Financial controls that work well for a smaller trust may be inadequate as the organisation expands. Recognising when governance structures need to adapt — and having the financial literacy to assess whether they are keeping pace — is a specific skill that boards do not always possess. It is one that Toby Watson brought consistently during a period of significant expansion at Excalibur.

5. Support for the Executive Team on Financial Decisions

The board-executive relationship works best when trustees can engage substantively with the decisions the executive team brings. Financial expertise enables informed conversations about financial strategy, the confidence to push back where necessary, and the ability to support major decisions with genuine understanding rather than deference. Toby Watson’s background made him well-placed to provide exactly that kind of support throughout his chairmanship.

6. Credibility in Navigating External Scrutiny

Academy trusts are subject to scrutiny from the Regional Schools Commissioner, the Education and Skills Funding Agency, and other bodies with an interest in financial management.

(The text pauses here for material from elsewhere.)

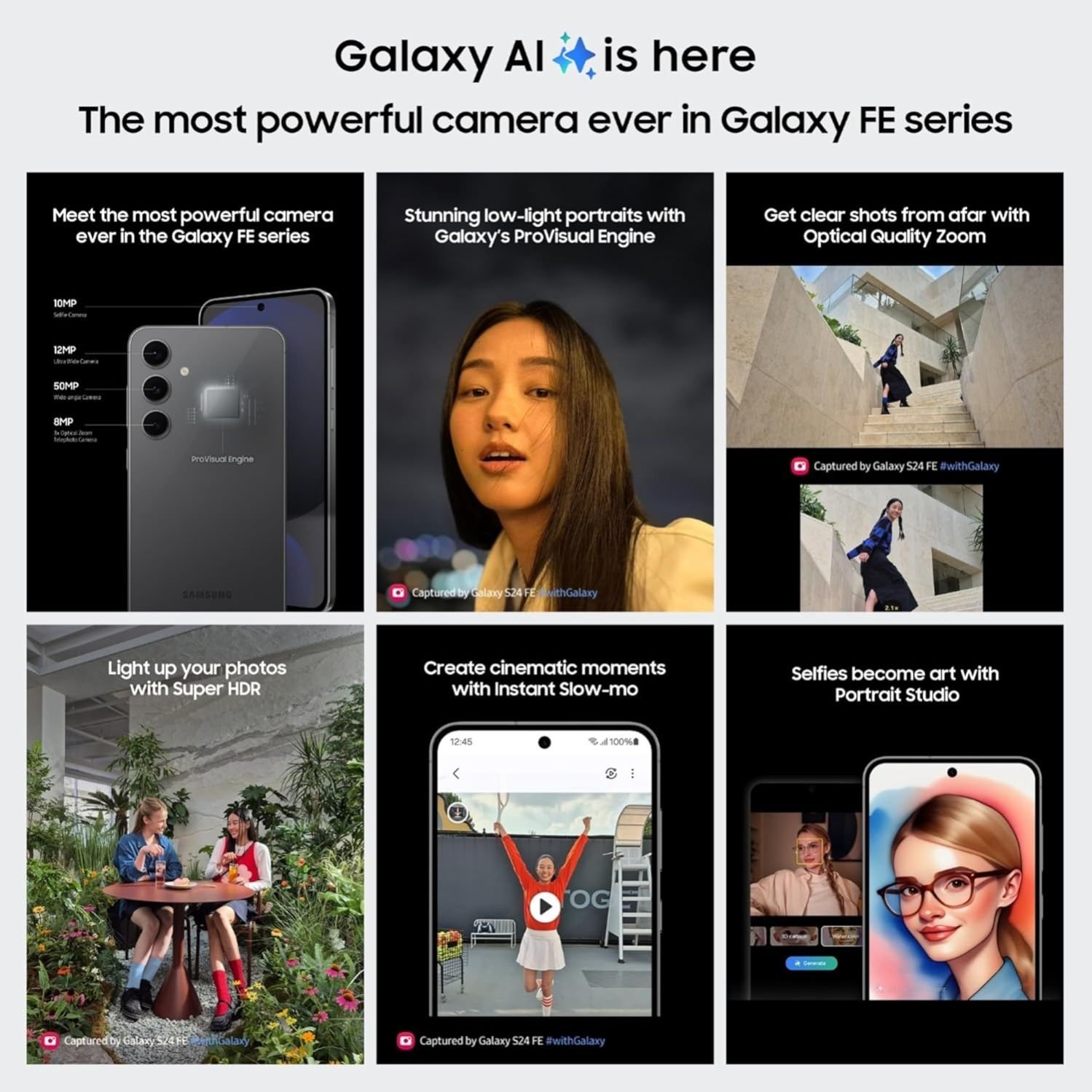 Galaxy AI suite: Circle to Search, Live Translate, Portrait Studio.
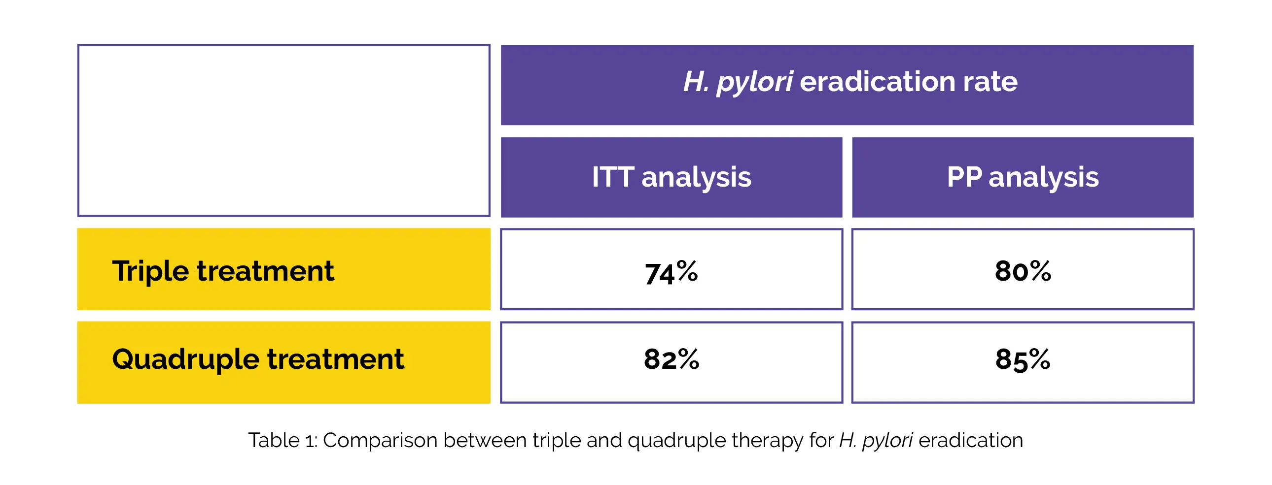 As a first-line treatment for H. pylori disease, quadruple therapy has superior efficacy than triple therapy. But, in the second-line treatment, the efficacy of both regimens is almost comparable.

A board with genuinely financially literate trustees is better placed to engage substantively with that scrutiny — demonstrating that governance is taken seriously and that financial oversight is real rather than nominal.

7. A Perspective That Complements Educational Expertise

The best boards combine financial and educational expertise. Toby Watson’s contribution at Excalibur was not to replicate the educational knowledge already present on the board, but to bring something that knowledge alone could not provide — a rigorous financial perspective, applied consistently over nearly eight years, in service of a trust dedicated to the education of thousands of children.ds meaningfully over time.